2019 Thai FA Cup

Tournament details
- Country: Thailand
- Dates: 27 March 2019 – 2 November 2019
- Teams: 100

Final positions
- Champions: Port (2nd title)
- Runners-up: Ratchaburi Mitr Phol

Tournament statistics
- Matches played: 99
- Goals scored: 421 (4.25 per match)
- Top goal scorer(s): Erivelto (8 goals)

Awards
- Best player: Go Seul-ki

= 2019 Thai FA Cup =

The 2019 Thai FA Cup is the 26th season of a Thailand's knockout football competition. It was sponsored by Chang, and known as the Chang FA Cup (ช้าง เอฟเอคัพ) for sponsorship purposes. The tournament is organized by the Football Association of Thailand. 100 clubs were accepted into the tournament, and it began with the qualification round on 27 March 2019 and concluded with the final on 2 November 2019. The winner would have qualified for the 2020 AFC Champions League preliminary round 2 and the 2020 Thailand Champions Cup. Chiangrai United defend champion but was knocked out in quarter-final by Port.

==Calendar==

| Round | Date | Matches | Clubs | New entries this round |
|---|---|---|---|---|
| Qualification round | 27 March 2019 | 36 | 15 + 12 + 17 + 28 → 36 | 15 2019 Thai League 2 12 2019 Thai League 3 17 2019 Thai League 4 28 2019 Thailand Amateur League |
| First round | 1 May 2019 | 32 | 36 + 16 + 1 + 2 + 4 + 5 → 32 | 16 2019 Thai League 1 1 2019 Thai League 2 2 2019 Thai League 3 4 2019 Thai League 4 5 2019 Thailand Amateur League |
| Second round | 19 June 2019 | 16 | 32 → 16 |  |
| Third round | 17 July 2019 | 8 | 16 → 8 |  |
| Quarter-finals | 7 August 2019 | 4 | 8 → 4 |  |
| Semi-finals | 18 September 2019 | 2 | 4 → 2 |  |
| Final | 2 November 2019 | 1 | 2 → Champions |  |
| Total |  |  |  | 100 clubs |

==Results==
Note: T1: Clubs from Thai League 1; T2: Clubs from Thai League 2; T3: Clubs from Thai League 3; T4: Clubs from Thai League 4; T5: Clubs from Thailand Amateur League.
===Qualification round===
There were 15 clubs from 2019 Thai League 2, 12 clubs from 2019 Thai League 3, 17 clubs from 2019 Thai League 4, and 28 clubs from 2019 Thailand Amateur League have signed to qualifying in 2019 Thai FA cup. This round had drawn on 14 March 2019.

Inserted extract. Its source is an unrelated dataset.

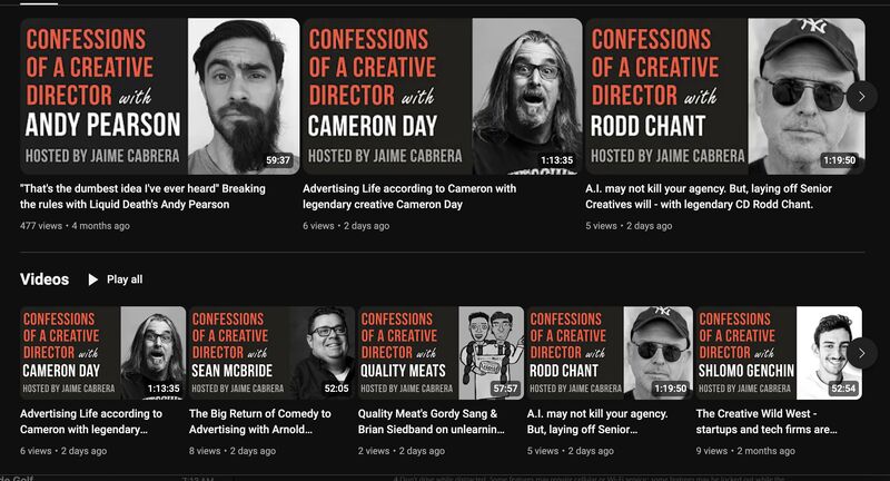 Confessions of a Creative Director tells the stories behind the ideas as told by some of today’s best and brightest Creative Directors. Hosted by veteran CD Jaime Cabrera, the show features in-depth interviews, fun segments and of course a confession or two, all over a few cocktails.

Samut Prakan United (T5) 0-8 Hippo (T5)
  Hippo (T5): Nattawat Tanticharoen 10', 34' (pen.), 35', 68', Teerawat Noulpak 16', 86', Jirawat Kwanthong 77', 90'

Surat Thani City (T4) 6-0 Krua-Napat Ubon (T5)
  Surat Thani City (T4): Takueri Chekho 2', Surapong Patrat 23', Piyabut Srichaiwal 42', Chinthan Jakthong 53', 73', Tanawut Juntarat 90'

Prachinburi City (T5) 1-0 Samut Songkhram (T4)
  Prachinburi City (T5): Chiraphong Boonaim 8'

Songkhla Aslan TSU (T5) 4-0 Piyamit (T5)
  Songkhla Aslan TSU (T5): Tanakong Benya 34', Fasee Tadeain 76', 83', Panai Kongpraphan 89'

Rajpracha (T3) 4-0 Kantharalak United (T5)
  Rajpracha (T3): Jettaphat Jaiphakdee 30', 70', Thanachat Chomchuen 56', Wuttichat Yiamming 73'

Chiangrai City (T3) 3-0 Kanthararom United (T5)
  Chiangrai City (T3): Lenny 34', Adul Namwong 61', Chaiyahan Aunjit 75' (pen.)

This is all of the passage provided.